▶ **About this task**: The reply should hold only the lines from the one with "ديسمبر 2019 Last" to the one with "Je kan de tas", both ends kept, exactly as they appear below, without any pictures.

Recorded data
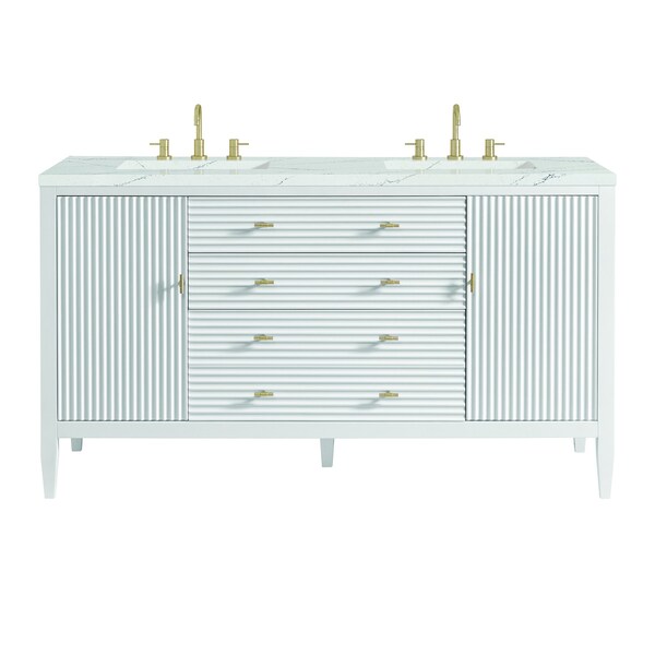 The 60'' Myrrin Double Vanity features a minimalistic silhouette with fluted details, resulting in a blend of classical elegance and contemporary design. The deeply fluted panels run perpendicular on the doors and drawers, adding sophistication and visual interest to the design. Toggle-style knobs in Champagne Brass provide a luxe accent to the rich Bright White finish. The two-door cabinet opens to a spacious interior with a single shelf and a convenient USB/Electric power outlet. Two traditional drawers and a tip-out lend additional storage. The addition of an Ethereal Noctis quartz top by Silestone with undermount rectangular sink completes this timeless bathroom centerpiece with its modern, intricate black and gray nuances which add contrast and elegance to the white background.
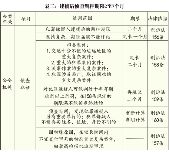 刑事辦案期限一覽表
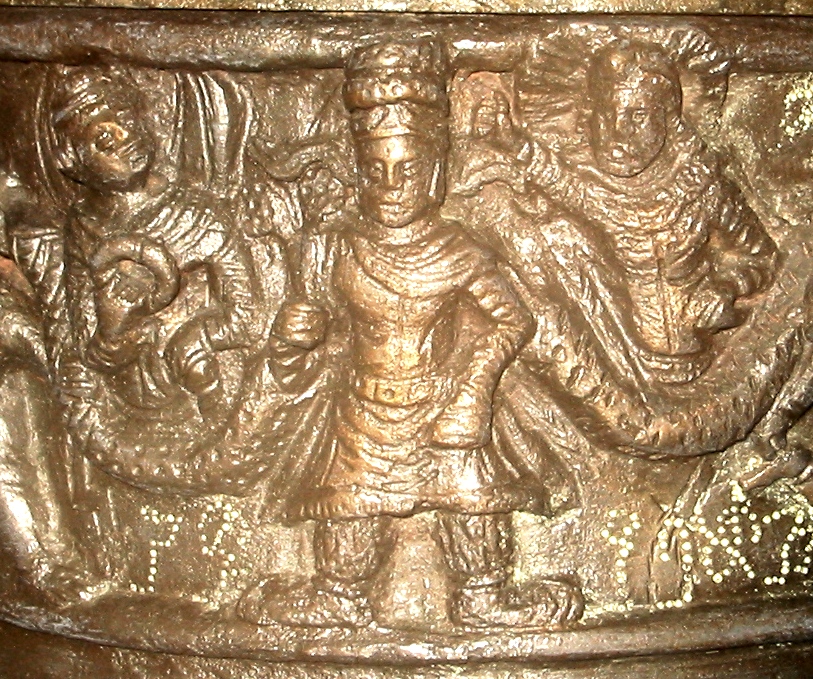 이란의 태양신과 달신에게 둘러싸인 카니슈카 (세부 묘사)
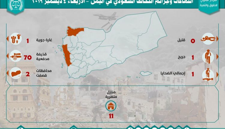 إحصائية أولية لإنتهاكات التحالف السعودي في اليمن – 4 ديسمبر 2019 Last updated ديسمبر 24, 2019 إحصائية أولية لإنتهاكات التحالف السعودي في اليمن – 4 ديسمبر 2019 تحميل التقرير لمزيد من التفاصيل Share FacebookTwitterGoogle+ReddItWhatsAppPinterestالبريد الإلكتروني
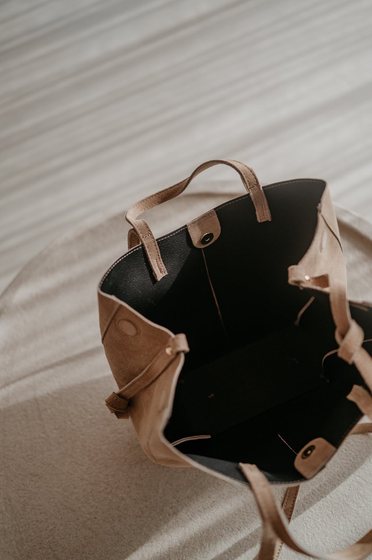 Je kan de tas veranderen naar het moment van de dag door de magneetjes op de zijkanten open of toe te maken. Net een andere look.
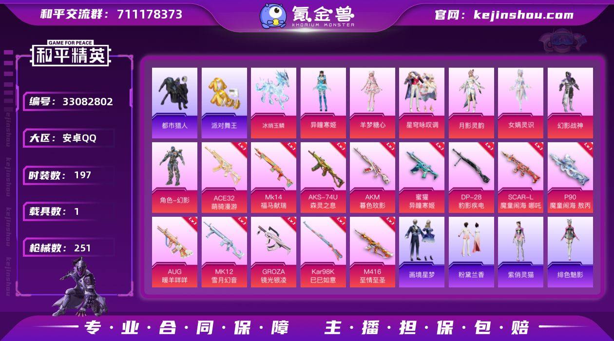 M1047459【身法号1载具-7粉装-13特效枪 M416-至情至圣[7级]忍者信条,小丑鱼,都市猎人,浪漫天命,派对舞王,暗影哥特】安卓手Q-1载具-7粉装-13特效枪-197套装-251枪皮-11王牌印记-卓越王牌4星-81556热力值【1载具】冰绡玉鳞【7粉装】角色-异瞳寒姬,星穹咏叹调,角色-月影灵韵,幻影战神,角色-女娲灵识,角色-羊梦糖心,角色-冷漠罗丽【13特效枪】P90-魔童闹海 敖丙[3级],DP-28-豹影疾电[5级],Mk14-福马献瑞[5级],12-雪月幻音[6级],Kar98K-巳巳如意[5级],AKS-74U-森灵之息[5级],ACE32-萌骑漫游[3级],M416-至情至圣[7级],SCAR-L-魔童闹海 哪吒[3级],AKM-暮色玫影[3级],AUG-暖羊咩咩[5级],蜜獾-异瞳寒姬[5级],GROZA-镜光银凌[5级]【7稀有】忍者信条,小丑鱼,都市猎人,浪漫天命,派对舞王,暗影哥特,AKM-缤纷海域【21飞行器】镜光幻境飞行翼,飞天猪飞行器,终晖之翼飞行器,破刃行动尾迹,顶峰精英尾迹,云朵驼驼飞行器,炫彩糖果飞行器,登顶巅峰飞行器,狂鲨锋刃飞行器,幻骨萌王飞行器,招财竹蜻蜓飞行器,异域银装飞行器,拳皇97滑翔尾迹,时空协奏飞行器,繁龙极客飞行器,提桶跑路飞行器,鸡智如我飞行器,粉色滑翔尾迹,马上有福飞行器,灵珠游龙飞行器,幻海精灵飞行器【1头盔】幻影战神头盔【2背包】金...
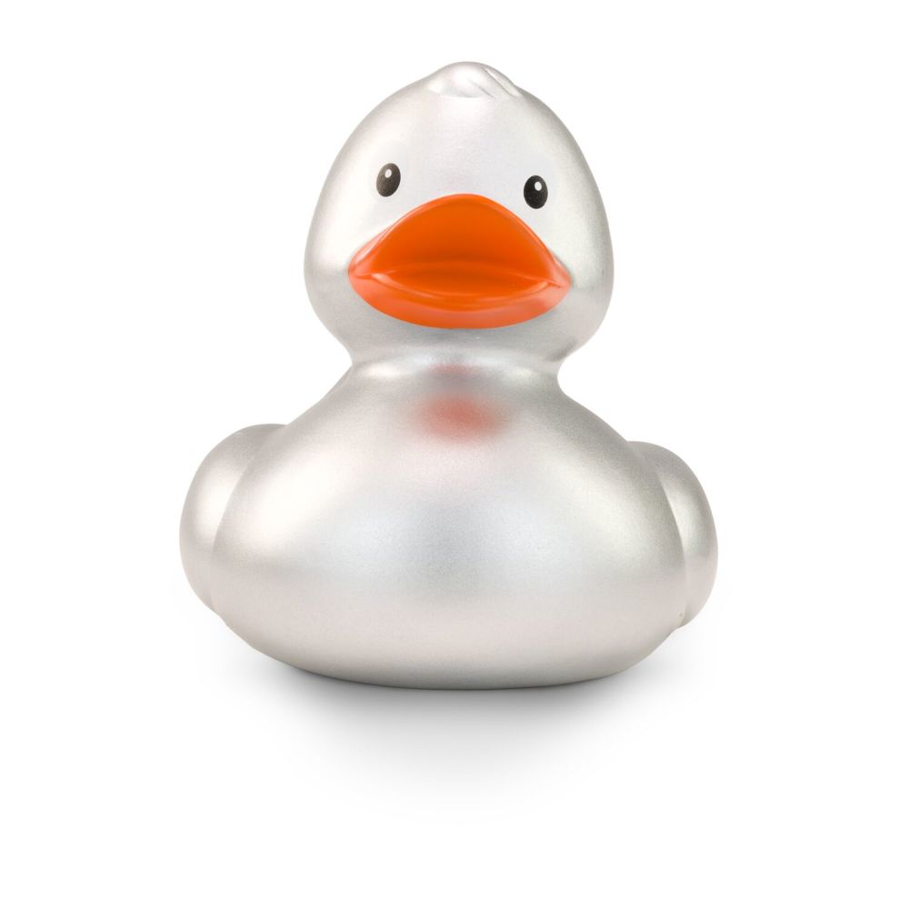 Klein, aber oho. Sylvies kleine Schwester überzeugt mit ihrem silbernen Gefieder, dem leuchtend orangenen Schnabel und ihrem formschönen Entenkörper auch im Kleinformat. Sie wirkt selbst als Mini-Ente besonders glamourös und doch zeitlos. Als Teil einer großen Familie klassischer Badeenten hat Sylvie noch weitere Geschwister, auch in anderen Farben. Größe: ca. 6 cm. Inklusive Quietschventil

▶ **Exercise solution**:
 إحصائية أولية لإنتهاكات التحالف السعودي في اليمن – 4 ديسمبر 2019 Last updated ديسمبر 24, 2019 إحصائية أولية لإنتهاكات التحالف السعودي في اليمن – 4 ديسمبر 2019 تحميل التقرير لمزيد من التفاصيل Share FacebookTwitterGoogle+ReddItWhatsAppPinterestالبريد الإلكتروني
 Je kan de tas veranderen naar het moment van de dag door de magneetjes op de zijkanten open of toe te maken. Net een andere look.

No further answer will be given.